Tattoo ‘Do it Yourself’ Gets Popular During Lockdown
Tattoo 'Do it Yourself' Gets Popular During Lockdown
With salons closed across the country, many people are adopting a ‘do it yourself’ approach to beauty treatments.
But while cutting or dyeing your own hair is unlikely to have long-term catastrophic consequences, giving yourself a tattoo is considerably more risky.
Since lockdown was imposed, stick-and-poke tattoos, which involve dipping a needle in ink before inserting it repeatedly into the skin by hand, have become increasingly common among inking enthusiasts all over the world.
The old-fashioned method has seen a resurgence in popularity over the last decade or so, and it can be used for anything from simple, small tattoos to more intricate designs.
Some ink fans even claim that it’s less painful and may heal faster than the standard electric method, though it can take considerably longer and requires the same level of sanitisation as any electric tattooing.

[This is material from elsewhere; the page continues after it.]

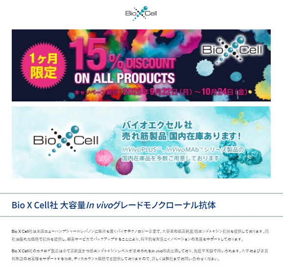 【Bio X Cell社】全商品対象!通常価格15%値下げキャンペーン! -
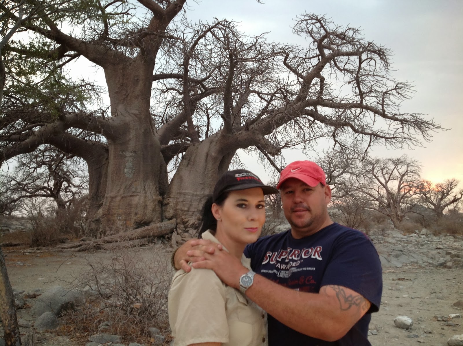 This is where we pitched camp for the night. What a awesome place surrounded with big old Baobab’s. There were so many wildlife around this campsite which included big herds of Ellies, Zebra’s, Roan, Impala and even a troop of baboons which chose the Baobab right next to us for making their home for the night which I’m sure they later regretted that night. We accidentally (or not) flashed a green laser in their tree and all hell broke loose. I can just imagine what went through those baboon brains. It was funny to hear them freak out at the new green monster in their tree. This was the most beautiful campsite and setting of the whole trip. Situated on top of a small hill we could see right around us. The kids picked up a dead heyana tail. Its seems that where ever we stop theres a dead heyana.

Many people, including 18-year-old model Kaia Gerber, have taken to social media to show off their lockdown designs, which range from casual doodles to more artistic etchings.
But a skin expert has warned against the trend, urging people to resist the desire to tattoo themselves and wait to have one done by a professional in a sterile environment.

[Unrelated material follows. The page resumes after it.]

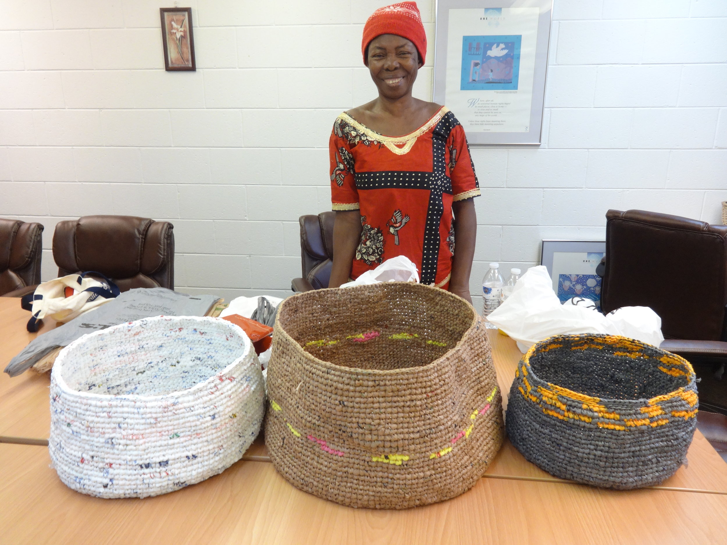 Local refugee women from the Democratic Republic of the Congo have been upcycling plastic bags and using them to create beautifully designed handmade baskets and mats. They are very proud to share their work with you as this is one of their ways of contributing back to a community that has been so welcoming to them.

Dr Faheem Latheef, an accredited consultant dermatologist based in Leeds, told FEMAIL: ‘During the lockdown many people are resorting to various activities, including stick and poke tattoos, to keep themselves entertained.
However, this does come with significant risks when done at home and without previous training or experience.’

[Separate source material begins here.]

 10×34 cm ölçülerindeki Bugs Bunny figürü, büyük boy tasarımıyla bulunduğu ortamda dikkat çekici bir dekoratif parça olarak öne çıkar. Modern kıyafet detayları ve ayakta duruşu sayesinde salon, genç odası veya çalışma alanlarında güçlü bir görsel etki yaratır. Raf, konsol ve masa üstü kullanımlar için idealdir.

Due to the breach in the skin integrity, Dr Latheef warned there are a number of possible complications that can arise.
‘As with any procedure that breeches the skin, infection is a major concern,’ he said.
‘This is particularly worrying for home use, as there is no reliable way to ensure the needle used is fully sterilised and would put you at risk of infection from multiple types of organisms including bacteria, viruses, and fungi.
Furthermore there are some bacteria that reside on your skin normally, called staphylococcus aureus, that typically cause skin infections in people with eczema where the skin barrier isn’t working well, but which in this scenario can penetrate the skin barrier through the needle points and cause a superficial skin infection called erysipelas, or a more deeper cellulitis sometimes even requiring intravenous antibiotics from hospital – something you would probably really want to avoid at present.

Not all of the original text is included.